Why is it that we (people, generally, but stay-at-home-moms in particular and me, especially) feel it necessary to identify ourselves by our jobs?

I made a title for this blog, with my profession and current job on it, but after some thought have deleted it. Who cares what my profession is and whether I'm doing it right now? What difference does it make if I'm doing work for our family business while I'm home with the kid(s)? Staying home with my girl is a good thing and I don't need to justify this by reciting a resume of what I did/do in addition to it. I just wonder, why do I feel the need to do it?

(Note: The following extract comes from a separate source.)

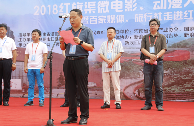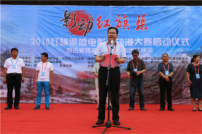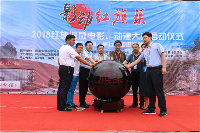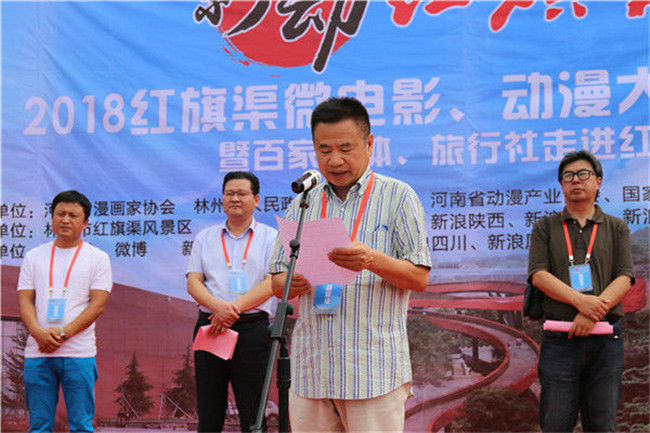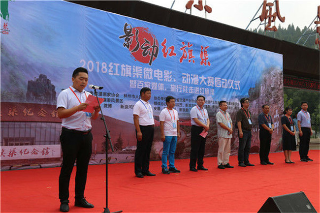 影動(dòng)紅旗渠,傳遞中國(guó)夢(mèng)。7月27日上午,紅旗渠風(fēng)景區(qū)舉辦了“影動(dòng)紅旗渠——2018年紅旗渠微電影、動(dòng)漫大賽啟動(dòng)儀式暨百家媒體、旅行社走進(jìn)紅旗渠”活動(dòng),中國(guó)動(dòng)畫(huà)學(xué)會(huì)會(huì)長(zhǎng)余培俠,人民日?qǐng)?bào)漫畫(huà)增刊主編肖承森,河南省動(dòng)漫產(chǎn)業(yè)協(xié)會(huì)會(huì)長(zhǎng)、河南省漫畫(huà)家協(xié)會(huì)主席張國(guó)曉,新浪河南網(wǎng)營(yíng)銷(xiāo)總監(jiān)王超群,林州市人民政府副秘書(shū)長(zhǎng)侯成山,林州市文聯(lián),河南天河影視集團(tuán),電影、電視藝術(shù)家協(xié)會(huì),紅旗渠風(fēng)景區(qū)等領(lǐng)導(dǎo),和微電影、漫畫(huà)家協(xié)會(huì)會(huì)員,新聞媒體,旅行社共計(jì)500余人出席此次活動(dòng)。

Theories: (1) guilt because the burden of supporting our behinds falls on Doug, (2) desire to go back to work at some point, but maybe it just boils down to (3) a misplaced need for approval or desire to be "important". I dunno.

3 comments:

Grey said...

We know you are the best. You don't need a resume to prove it.

Kat or Mike said...

I think it is because motherhood as an occupation is completely undervalued in our society. I think many people imagine that moms sit around all day lazing about on the sofa eating grapes-- or they don't think about it at all.
There is nothing wrong with being proud of all of your accomplishments- professional and maternal.

Dogwood Girl said...

Steph, just now commenting on this, but i am the same way. I always laugh at myself after answering the "what do you do?" question with "Well, i was a tech writer, but now i am a SAHM." And I always hear the apology and defensiveness in my voice.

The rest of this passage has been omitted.